At the end of the experiment (day 38), the same procedures of day 20 were followed for collecting blood and tissue samples (n = 10/group), in addition to histological samples from the breast muscle, for further biochemical and molecular analysis.
2.4. Serum Biochemical Analysis
Serum total cholesterol (TC), triglycerides (TGs), high-density lipoprotein cholesterol (HDL-C), low-density lipoprotein cholesterol (LDL-C), very-low-density lipoprotein cholesterol (VLDL-C), creatinine, uric acid, aspartate aminotransferase (AST), and alanine aminotransferase (ALT) were determined using commercial diagnostic kits (Sigma-Aldrich, Inc., St. Louis, MO, USA). Serum GH and insulin-like growth factor-1 (IGF-1) were assessed using radioimmunoassay kits (Nanjing Jiancheng Technology Co., Ltd., Nanjing, China), according to ROH, et al. [23].

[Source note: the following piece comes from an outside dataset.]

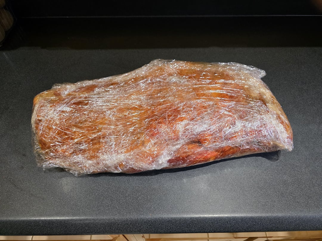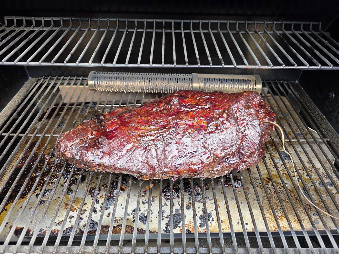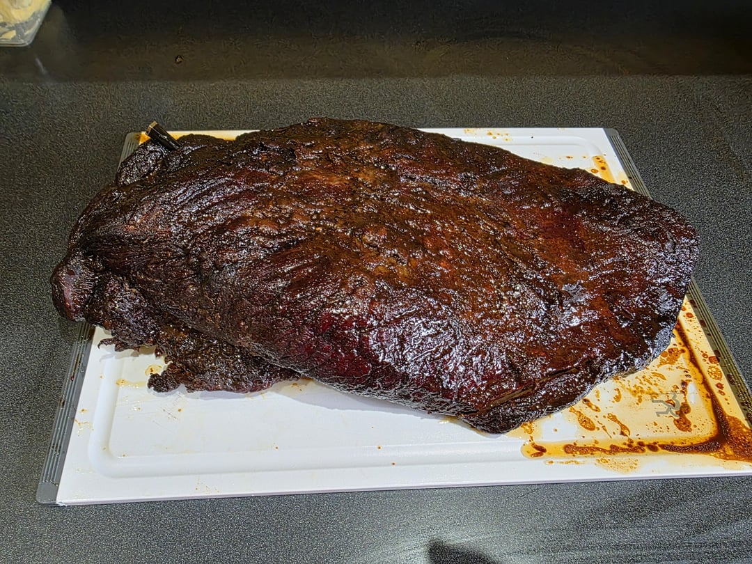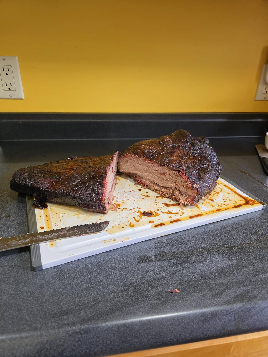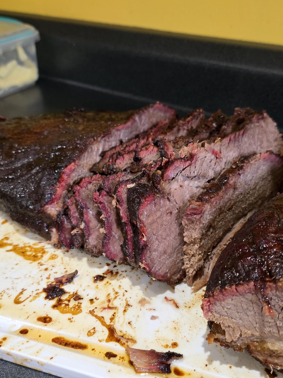 So the rub used was Cabellas maple bacon bourbon. I did a mustard binder, rub then wrapped and place in the fridge for 24hrs. The brisket was left out to warm up before the smoke. Started at 9pm overnight at 185⁰. In the morning I bumped up to 225⁰ to help with the bark. Once the internal temp hit the 165⁰ mark it was wrapped and temp up to 250⁰, trying to hit 203⁰ internal. Once the 203⁰ was hit it was removed, wrapped and place in a cooler to rest. Sat there for 2hrs.

2.5. Total RNA Isolation and MRNA Expression of Marker Genes
Using TRIzol reagent (Life Technologies, Carlsbad, CA, USA), total RNA was extracted and purified from muscle tissue (approx. 30 mg), and then extracted RNA was treated with DNase I (DNase I recombinant, RNase-free, cat. no. 04716728001, Roche Diagnostics GmbH, Mannheim, Germany) and purified a second time with TRIzol reagent. RNA quantity and quality were analyzed using NanoDrop® ND–1000 spectrophotometer (NanoDrop Technologies; Wilmington, DE, USA). Complementary DNA (cDNA) was obtained by reverse transcription of isolated RNA samples using RevertAidTM H Minus kits (Fermentas Life Science, Pittsburgh, PA, USA). The cycling condition for cDNA amplification was at 37 °C for 60 min activation followed by heating to 95 °C for 5 min, and finally, a holding temperature of 4 °C (Averiti 96-well thermal cycler, Applied Biosystems, Foster City, CA, USA). The abundance of mRNA of the key genes involved in muscle development and protein production including myostatin (MSTN), myogenin (MyoG), myogenic determination factor1 (MyoD1), paired-box3 (Pax3), Pax7, IGF-1, and the mammalian target of rapamycin (mTOR) were determined by qPCR using the PrimeScript™ RT Reagent kit (Takara Bio Inc., Shiga, Japan) and SYBR Green qPCR Master Mix (Applied Biosystems, Foster City, CA, USA). Briefly, the reaction mixture consisted of 4 µL sample cDNA, 12.5 μL SYBR Green master mix, 1.5 µL of forward primer (10 pmol), 1.5 µL reverse primer (10 pmol), and 5.5 µL of nuclease-free water. The optimized thermal cycling conditions were as follows: initial denaturation at 95 °C for 15 min/one cycle, 95 °C for 15 s for denaturation, 60 °C for 60 s for annealing, and extension at 72 °C for 60 s for 40 cycles, with data acquisition occurring at the 60 °C step. Primer sequences for the assessed genes are listed in Table 2. The glyceraldehyde-3-phosphatedehydrogenase (GAPDH) gene was used as an internal control gene for data normalization. The results of relative fold changes in the expression of target genes were estimated by using the 2−ΔΔCt method [24].
Table 2.
Primer sequences and target genes used for real-time qPCR reactions.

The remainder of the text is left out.